= Your objective =
In the copy you make, include no pictures, and transcribe every record exactly.

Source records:
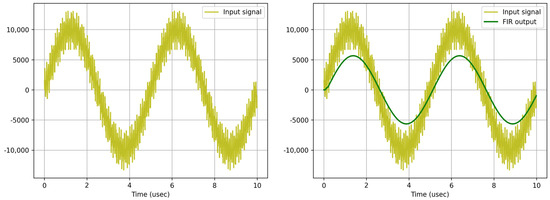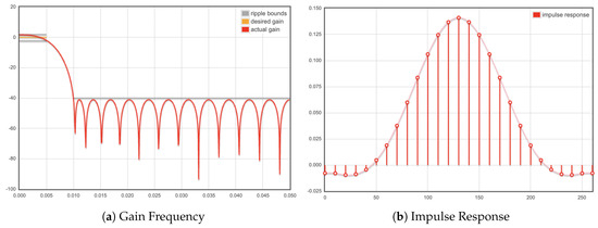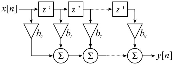 Filters are generally used in electronic circuits for various purposes such as filtering noise and unwanted signals, separating certain frequencies, and limiting signals before sampling. A digital filter is a method or algorithm that works on digitized analog signals, converting the input signal to the desired output signal. The main design purposes of the filters, which have very wide application areas, are to separate the interfered signals from each other, to increase the signal quality by reducing the noise in the signal, and to recover the distorted signal. Digital signal processing involves performing the desired operations on the frequency spectrum of a signal to provide the desired result after these operations. This digital signal processing structure is called a digital filter. Digital filters can be implemented with either software or hardware. Digital filters are divided into two categories according to their impulse responses. These are finite pulse response and IIR filters [32,33]. The Parks–McClellan algorithm is an iterative approach to explore the ideal Chebyshev FIR filter. It is used to design and apply effective FIR filters. An indirect method is used to find the optimal filter coefficients [34]. The input and output relation of the FIR filter given above can be given as in Equation (1);
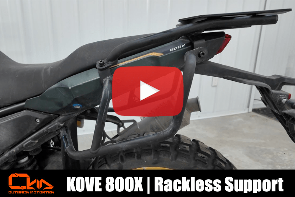 A simple and lightweight side luggage support, designed to hold your soft luggage and keep it from bouncing and folding under your seat, and coming in contact with the rear wheel or the exhaust, on your Kove 800X.
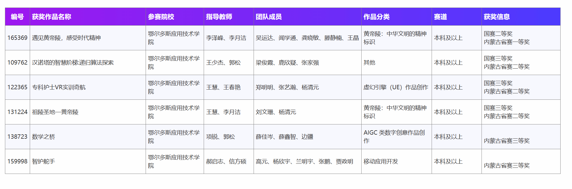 其中,数学与计算机工程系团队凭借参赛作品《遇见黄帝陵,感受时代精神》荣获国家级二等奖,同时在此前的省赛中荣获内蒙古自治区一等奖。
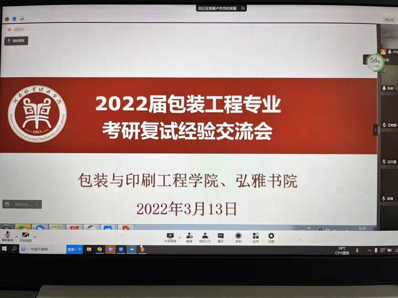 近日,全国研究生入学考试成绩陆续公布,为帮助考研毕业生更好地准备复试,提高考研复试成功率,从而获得更广阔的发展空间,我院联合弘雅书院于3月13日在腾讯会议开展2022年包装工程专业复试交流会。会议邀请上届成功上岸的五位优秀校友分享复试经验。WilliamHILL中国院长张岩、教科研主任苗红涛、弘雅书院团委副书记段婧出席,2022届考研毕业生参加。交流会由包装工程教研室主任卢芳芳主持。
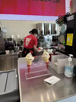 融化后会吸收冰淇淋,变得黏糊糊的,但是只要4500韩元,而且味道不错,所以可以忍受。⚠️ 如果
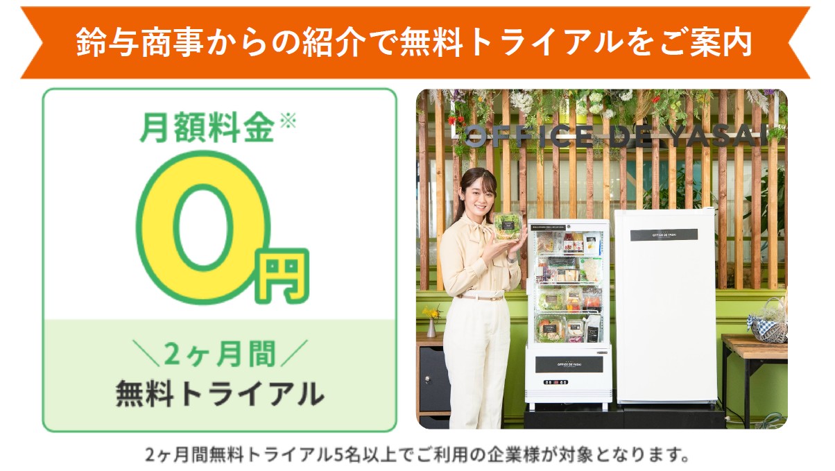鈴与商事の紹介で⽉額利⽤料2ヶ⽉無料トライアルをご案内いたします。
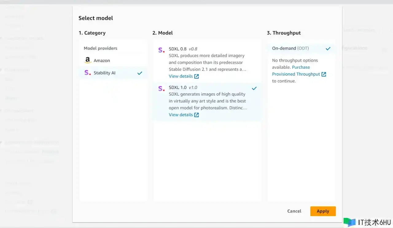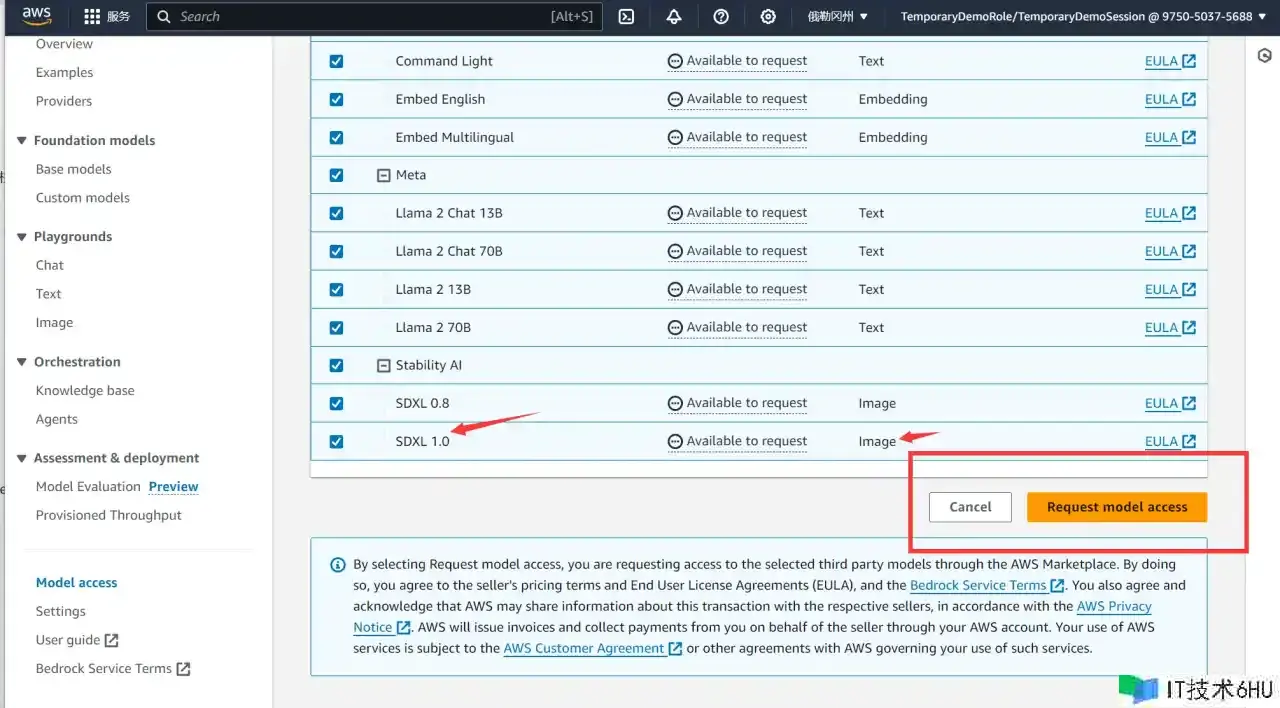 勾选需求的模型,假如要体会GPT-对话功用,必须要勾选任意一项Text标签的模型,假如需求体会Stable Diffusion-文本生成图画功用,必须要勾选带Image标签的模型,这儿引荐SDXL 1.0版别,当然也能够运用Titan Image Generator ,然后点击Request model access完结授权。

= Written response =
 Filters are generally used in electronic circuits for various purposes such as filtering noise and unwanted signals, separating certain frequencies, and limiting signals before sampling. A digital filter is a method or algorithm that works on digitized analog signals, converting the input signal to the desired output signal. The main design purposes of the filters, which have very wide application areas, are to separate the interfered signals from each other, to increase the signal quality by reducing the noise in the signal, and to recover the distorted signal. Digital signal processing involves performing the desired operations on the frequency spectrum of a signal to provide the desired result after these operations. This digital signal processing structure is called a digital filter. Digital filters can be implemented with either software or hardware. Digital filters are divided into two categories according to their impulse responses. These are finite pulse response and IIR filters [32,33]. The Parks–McClellan algorithm is an iterative approach to explore the ideal Chebyshev FIR filter. It is used to design and apply effective FIR filters. An indirect method is used to find the optimal filter coefficients [34]. The input and output relation of the FIR filter given above can be given as in Equation (1);
 A simple and lightweight side luggage support, designed to hold your soft luggage and keep it from bouncing and folding under your seat, and coming in contact with the rear wheel or the exhaust, on your Kove 800X.
 其中,数学与计算机工程系团队凭借参赛作品《遇见黄帝陵,感受时代精神》荣获国家级二等奖,同时在此前的省赛中荣获内蒙古自治区一等奖。
 近日,全国研究生入学考试成绩陆续公布,为帮助考研毕业生更好地准备复试,提高考研复试成功率,从而获得更广阔的发展空间,我院联合弘雅书院于3月13日在腾讯会议开展2022年包装工程专业复试交流会。会议邀请上届成功上岸的五位优秀校友分享复试经验。WilliamHILL中国院长张岩、教科研主任苗红涛、弘雅书院团委副书记段婧出席,2022届考研毕业生参加。交流会由包装工程教研室主任卢芳芳主持。
 融化后会吸收冰淇淋,变得黏糊糊的,但是只要4500韩元,而且味道不错,所以可以忍受。⚠️ 如果
鈴与商事の紹介で⽉額利⽤料2ヶ⽉無料トライアルをご案内いたします。
 勾选需求的模型,假如要体会GPT-对话功用,必须要勾选任意一项Text标签的模型,假如需求体会Stable Diffusion-文本生成图画功用,必须要勾选带Image标签的模型,这儿引荐SDXL 1.0版别,当然也能够运用Titan Image Generator ,然后点击Request model access完结授权。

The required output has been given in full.